Saturday, April 09, 2005

Other Men's Flowers

I'd encourage readers to check out the comment attached to this post, as to my chagrin it may actually be better than the post itself...

Incidentally, one of the points I make in my piece on Owen's poetry is that one of the problems of poetry as a source is that it rarely deals with the humdrum and the normal. I believe that this holds true and I stand by it. However, it is worth noting that perhaps one of the reasons for Kipling's greatness is that he does NOT live up to this rule and a substantial amount of his output deals with the everyday drudgery of barracks life and soldiering in England or India.

Of course, Kipling brings with him his own problems. As a reliable source for the "reality" of the experience of war, he suffers for the fact that he was not himself a frontline soldier, whereas Wilfred Owen (and Brooke and Sassoon etc) was. But Kiplng's canvas is broader and thus in many ways more convincing.

P.S. If anyone can tell me the significane of the title of this post, they win... well actually they win nothing. Nothing but honour!

4 Comments:

Anonymous Dave Collins said...

Was it Lord Wavell's anthology of poetry?

The honour will do very nicely, thank you (that's assuming I'm right, of course).

2:01 PM  
Blogger Anthony said...

It was! Congratulations.


Though it feels like a bit of an anticlimax now...

3:02 PM  
Anonymous Anonymous said...

Hey, you have a great blog here! I'm definitely going to bookmark you!

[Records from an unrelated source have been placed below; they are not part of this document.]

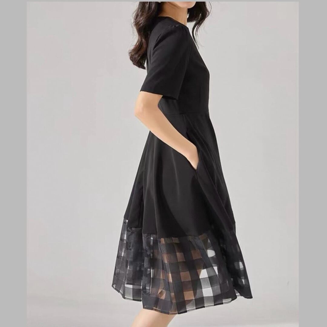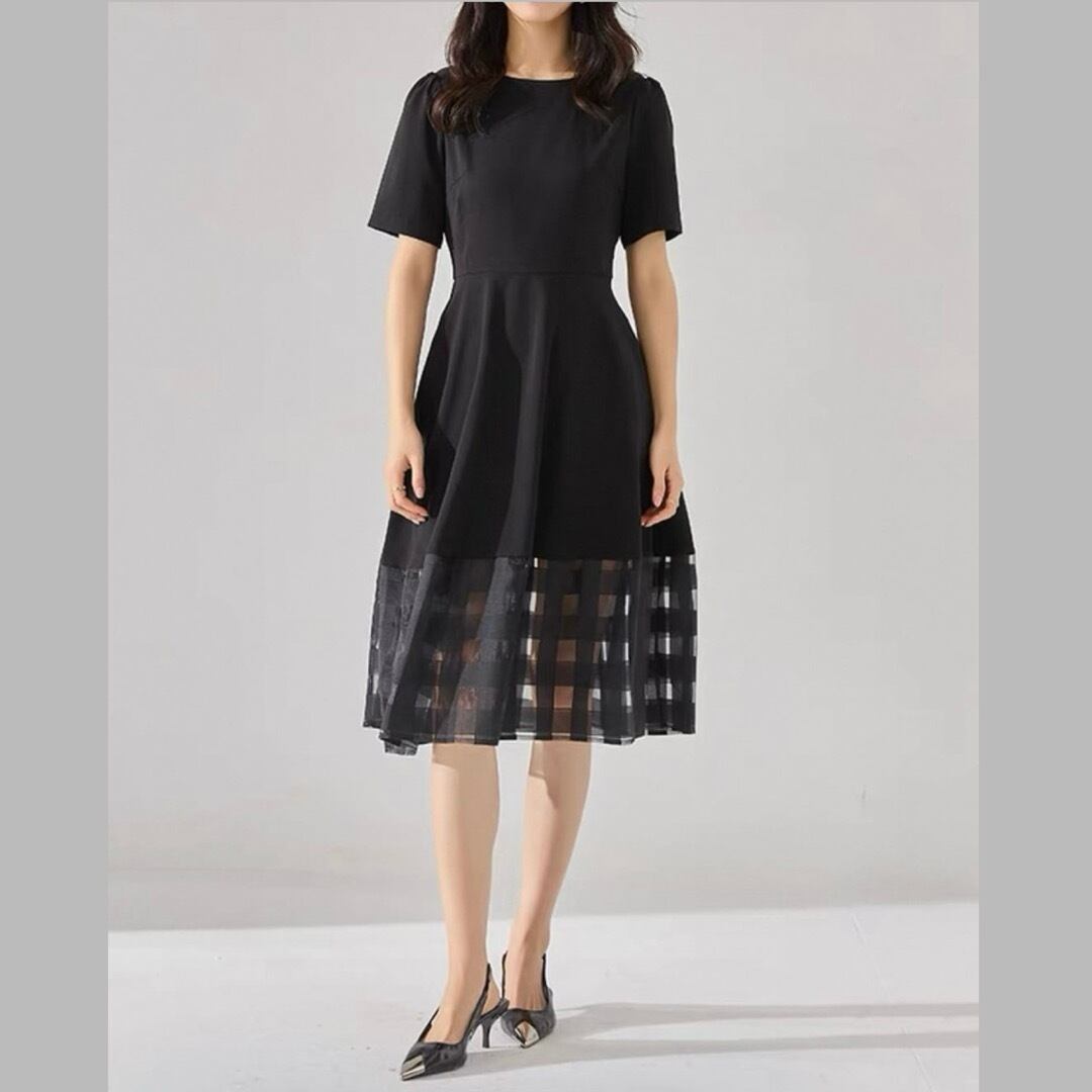シンプルな半袖デザインに、シースルーのギンガムチェック切替がアクセント。
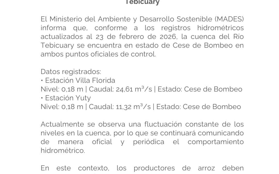 El Ministerio del Ambiente y Desarrollo Sostenible (MADES) informa que, conforme a los registros hidrométricos actualizados al 23 de febrero de 2026, la cuenca del Río Tebicuary se encuentra en estado de Cese de Bombeo en ambos puntos oficiales de control.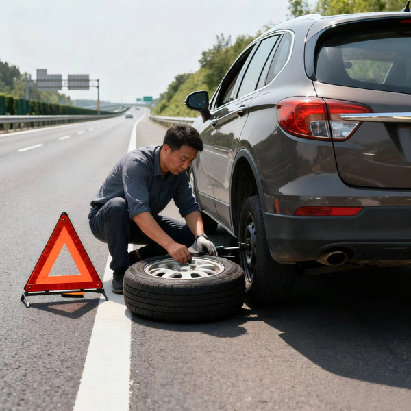 4. 快速處理:盡快完成輪胎更換,并盡快駛離應急車道。

I have a flower chicago site/blog. It pretty much covers ##KEYWORD## related stuff.

Come and check it out when you have the time :-)

6:45 PM  
Blogger Tony said...

Arriving rather late on the scene, I have to point out that the phrase was not Wavell's: he was quoting Montaigne.
By the way, the comment before this one is comment spam and should be deleted. There are a couple of ways of stopping this.